Объективность с закатанными рукавами
К этому моменту многие читатели будут озадачены упущениями, допущенными в этой книге о научной объективности. Некоторые из них, убежденные, что объективность – это мираж, спросят: где же критика эпистемологических притязаний на объективность? Неужели кто-то еще верит в возможность взгляда из ниоткуда, в перспективу панорамного взгляда на вселенную, какой она представляется Богу? Другие же, слишком уверенные в существовании объективности, зададут следующий вопрос: а как насчет моральной слепоты объективности, ее зловещего безразличия к человеческим ценностям и эмоциям? Не является ли чрезмерная самоуверенность объективности причиной многочисленных технико-научных бедствий современного мира? Одна сторона сомневается в возможности существования объективности, другая – в ее приемлемости. Но обе хором заявят протест: как может исследование эпистемологических и моральных аспектов объективности игнорировать подобные вопросы?

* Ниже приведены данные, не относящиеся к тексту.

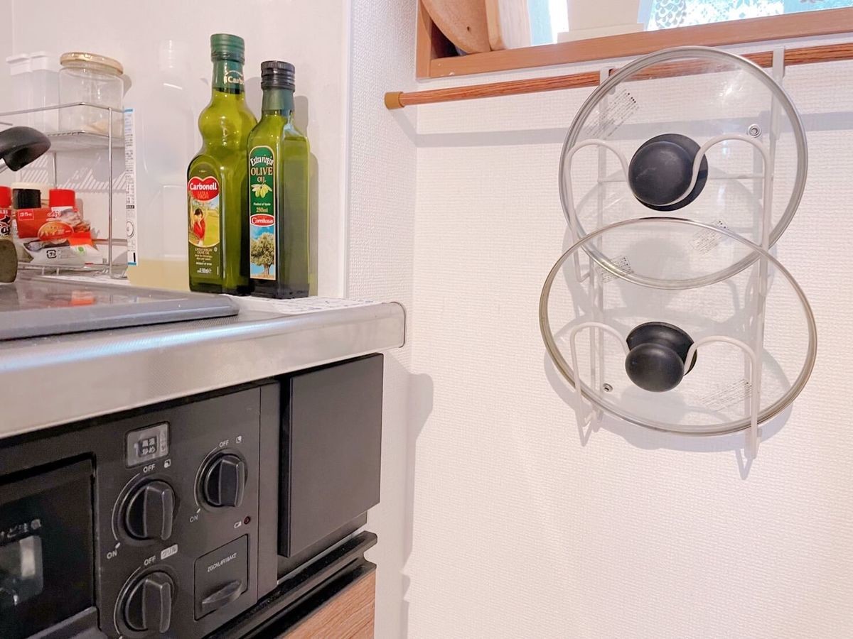 キッチンの空いているスペースに突っ張り棒をとりつけ、そこに鍋蓋収納を引っ掛けるだけ。

Наш ответ заключается в том, что, прежде чем будет решено, существует ли объективность, является ли она благом или злом, мы должны сначала узнать, что есть объективность – как она функционирует в практиках науки. Большинство подходов к объективности – философских, социологических, политических – характеризуют ее как понятие. Понимается ли она как взгляд из ниоткуда или алгоритмическое следование правилу, восхваляют ли ее как воплощенную научную добросовестность или проклинают как бездушное отчуждение от всего человеческого, каждый раз предполагается, что объективность абстрактна, вневременна и монолитна. Но если объективность – чистое понятие, она похожа не столько на бронзовую скульптуру, отлитую из единой формы, сколько на импровизированное хитроумное приспособление, собранное из плохо сочетающихся друг с другом частей велосипедов, будильников и паровых свистков.